Canonisante - vergelijking welker oplossing noodig is. wanneer men een binairen* vorm van oneven graad in de canonische* gedaante wil brengen. Canonisatie de door den Paus volbrachte plech tige opname van een zalige in de lijst der Heiligen (canon), met de bedoeling, dat zijn aandenken door de geheele Kerk geëerd worde. Zij veronderstelt, dat de vereering van den zalig-gesprokene voortgeduurd heeft en is aangegroeid, en dat na de Beatificatie nieuwe wonderen op voorbede van den zalige geschied zijn, wat door een even streng gerechtelijk proces onderzocht wordt.

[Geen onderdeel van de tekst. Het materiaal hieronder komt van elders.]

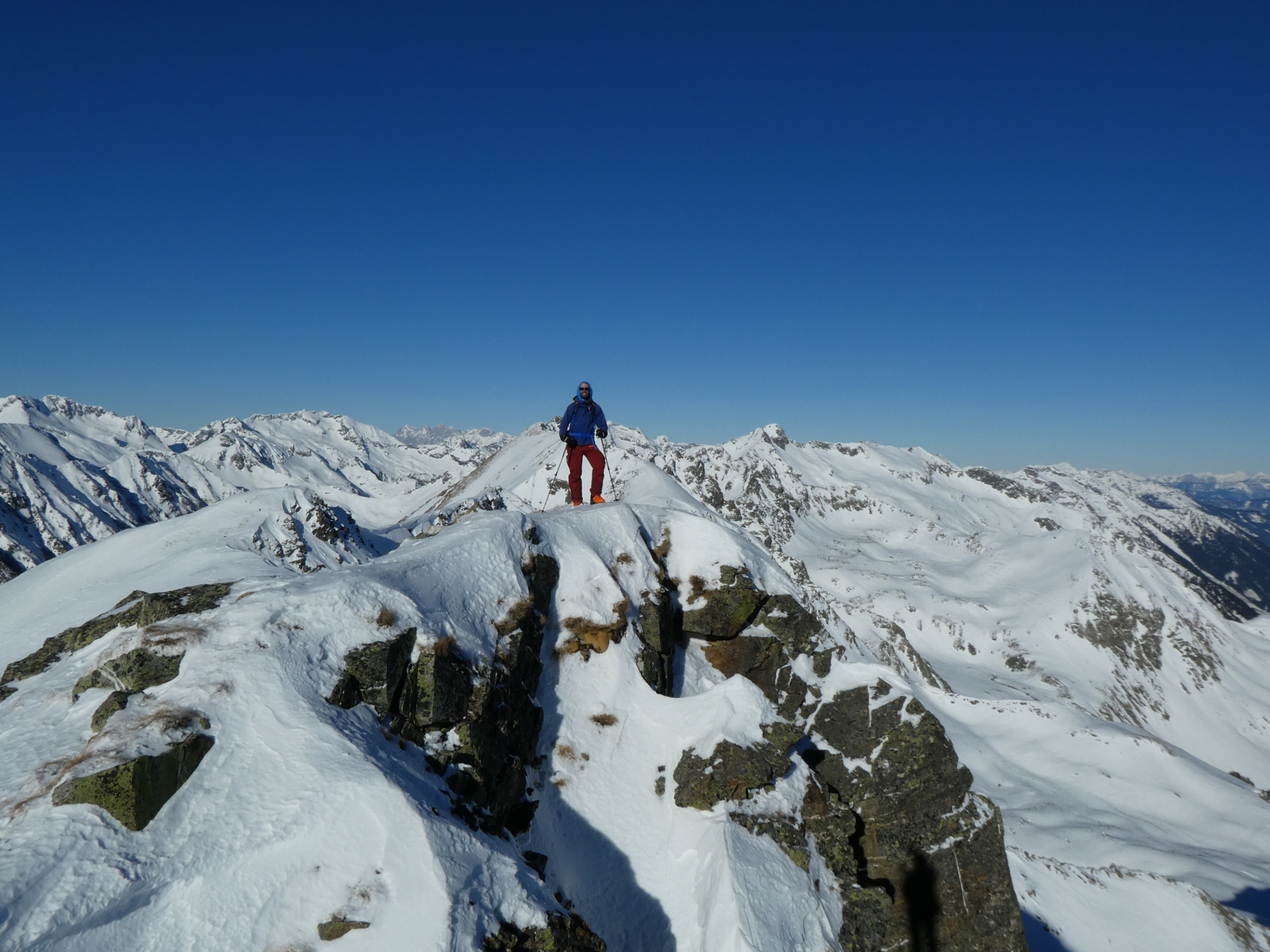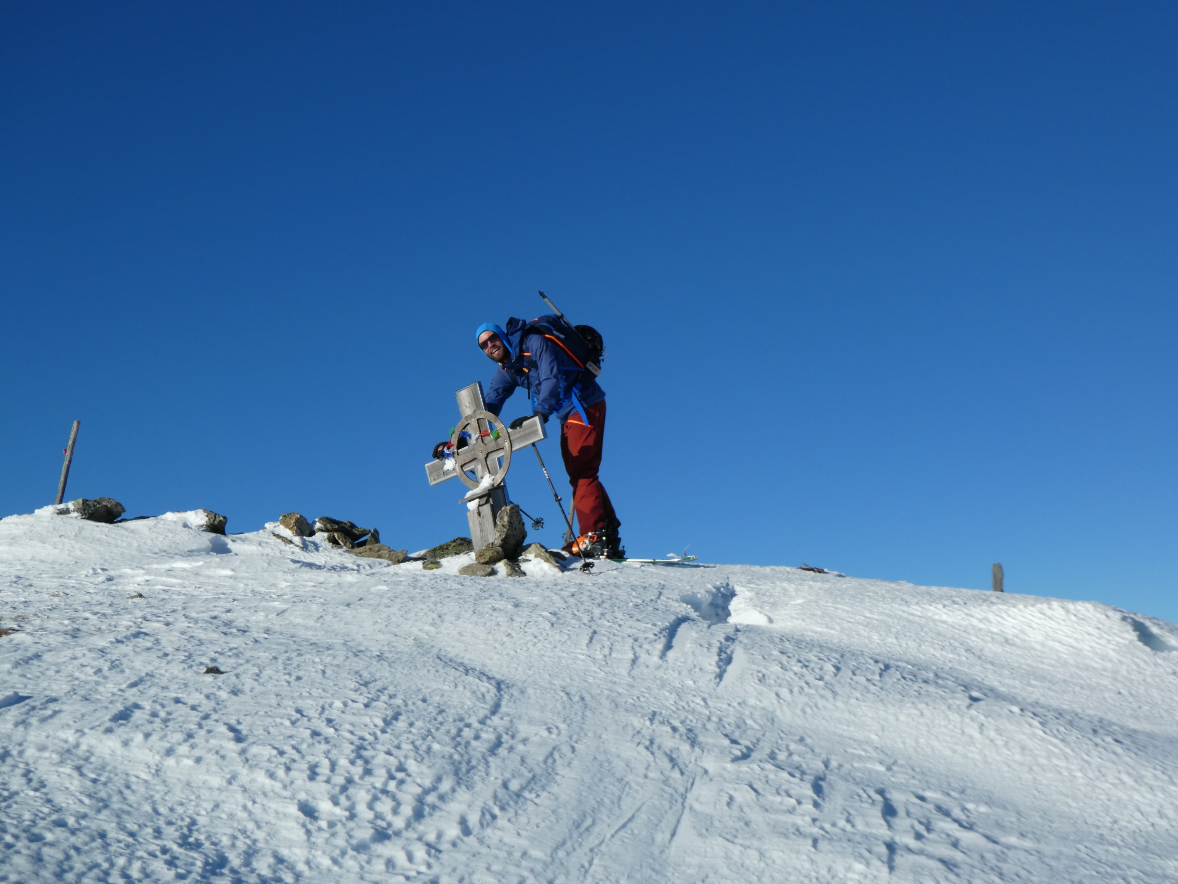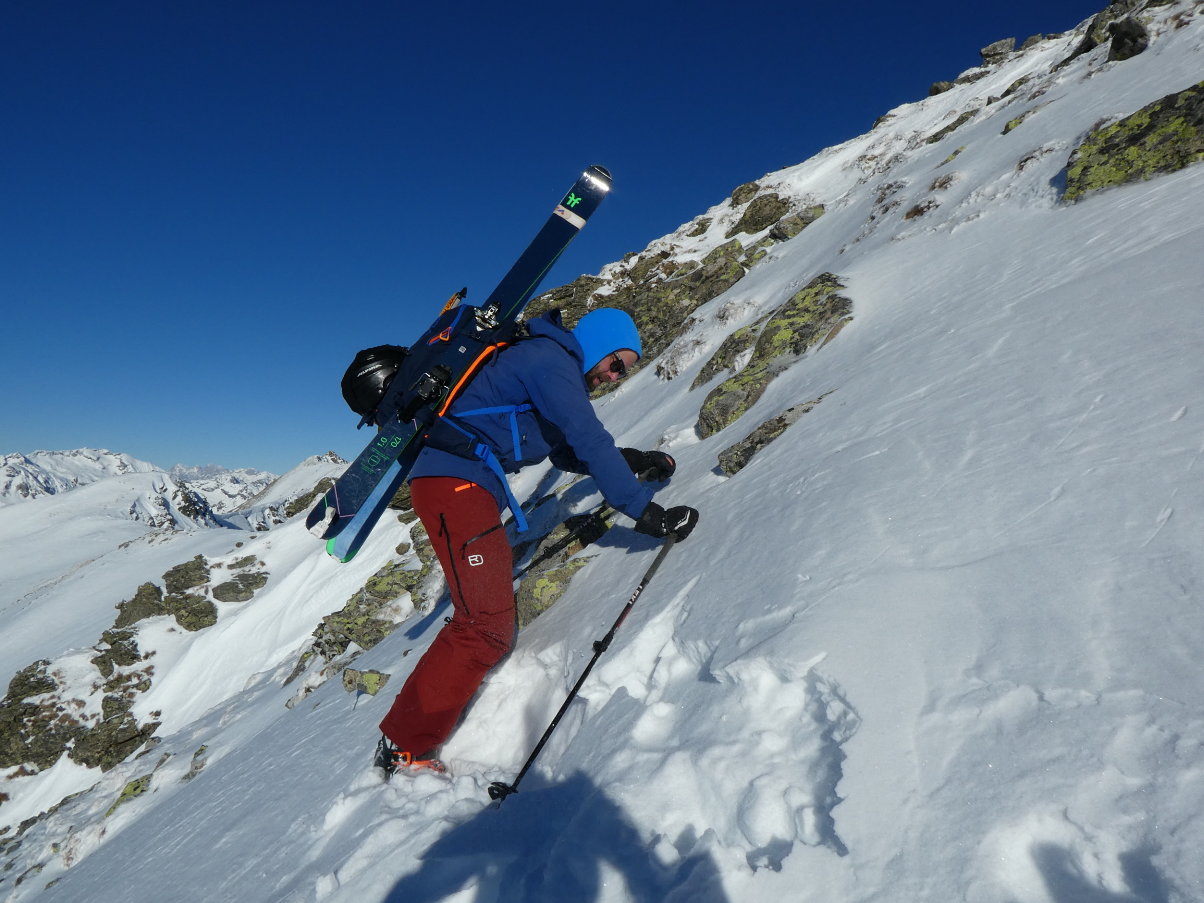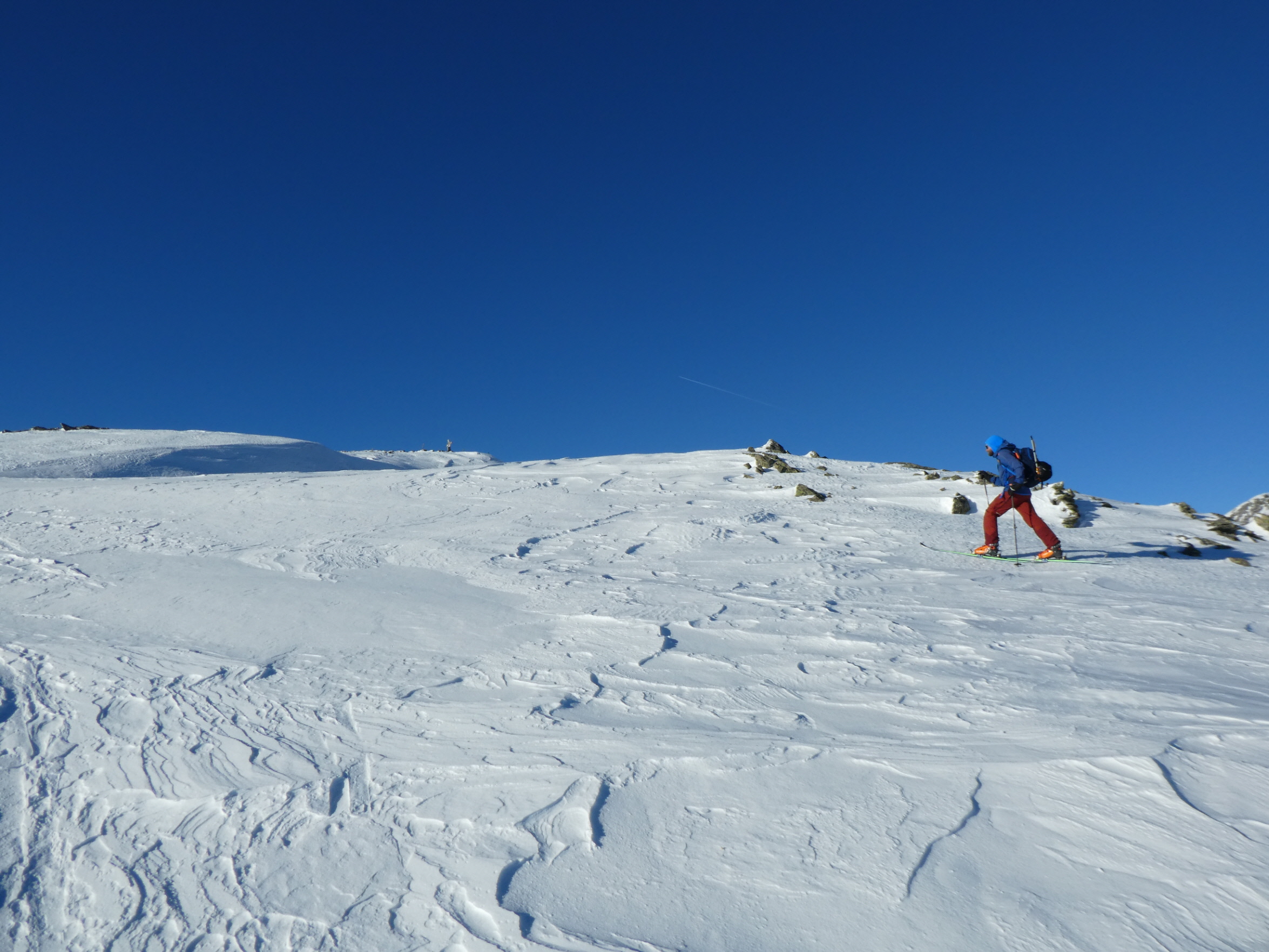 Die hat sich bei der derzeitigen Schneelage nicht aufgetan. Daher sind wir weiter zur Karlhöhe angestiegen. Auf Skiern ging es bis zum Gipfel. Für den nordseitigen Abstieg hinunter in die Scharte zwischen Karlhöhe und Hemmerfeldeck haben wir sie danach auf die Rucksäcke gepackt. Dort sind sie für das kurze Stück weiter hinauf zum letzten und höchsten Tagesziel auch geblieben.

Ook hier is naast de formeele eene C. aequipollens, die volgens Benedictus XIV daarin bestaat, „dat de Paus met weglating van het geheele gerechtelijk proces en der gebruikelijke ceremoniën, op grond van veelvuldige getuigen en beproefde schrijvers en de voortdurende wonderen van een dienaar Gods, de hem tot dan bewezen oude vereering bevestigt en zijn vereering tot de geheele Kerk uitstrekt”.
De uitwerkingen van de C. zijn: de titel „Sanctus” en de heiligen-aureool op beeltenissen; het verlof tot aanroeping van den heilige verklaard in openbare gebeden, tot oprichting van aan hem gewijde kerken, tot viering van zijn feest, tot opname in het Breviergebed en het hem ter eere opdragen van het H. Misoffer, tot openbare vereering van zijn reliquieën. De plechtigheid in de Sint-Pieter te Rome is gelijk aan die bij de Beatificatie, maar schitterender. Volgens theologisch zekere meening is de Kerk in haar C.-oordeelen onfeilbaar. Wat de geschiedenis van de C. betreft, spoedig na ’t begin der Christenvervolging werden voor de stad Rome notarii aangesteld, om de daden en het lijden van de martelaren op te teekenen, niet lang daarop werden nog diakenen daaraan toegevoegd. Elders bezorgden degelijke mannen de opteekening in opdracht van de afzonderlijke bisschoppen. Zoo zou het aandenken der martelaren behouden, hun sterfdag (de geboortedag voor den hemel) gevierd worden. De voortreffelijkste van deze martelaren werden in de canon van de H.-Mis opgenomen. Men schreef de martelaren, vervolgens ook wie de marteling gedreigd had, en na ’t ophouden van Christenvervolging hen, die hun geloof door deugdzaam leven bekend hadden (confessi) en daarom door ’t volk als confessores vereerd werden, met naam, plaats en dag van hun lijden (dood) in een catalogus.
Deze vereering kreeg daardoor, dat een bisschop ze billijkte en den naam liet zetten op de lijst van de heiligen van zijn kerk, de beteekenis van een C.; werd de vereering slechts geduld, zoo kwam die overeen met de B. Uit de heiligenlijsten der afzonderlijke kerken ontstond het voor de geheele kerk geldende Martyrologium*. Vele groote mannen, b.v. kerkleeraars werden als ’t ware door de algemeene overeenstemming van het volk gecanoniseerd, andere op conciliën in den canon opgenomen. Ook wendde men zich om bevestiging van de vereering tot den H. Stoel, zoo Koning Arnulf ten opzichte van den H. Emmeram. De eerste plechtige C. te Rome is die van den heiligen bisschop Ulrich (993). Alexander III ontnam den diocesaanbisschoppen het recht der C. Een bepaald vaststaand te werk gaan bevat eerst ’t Romeinsche Caeremoniale van Leo X. Sixtus droeg de leiding van ’t proces aan de CongregatioRituum over (22 Jan. 1887). Nauwkeurig werd de C. geregeld door Urbanus VIII (1625) en Benedictus XIV (1745; de servorum Dei beatificatione et beatorum canonizatione).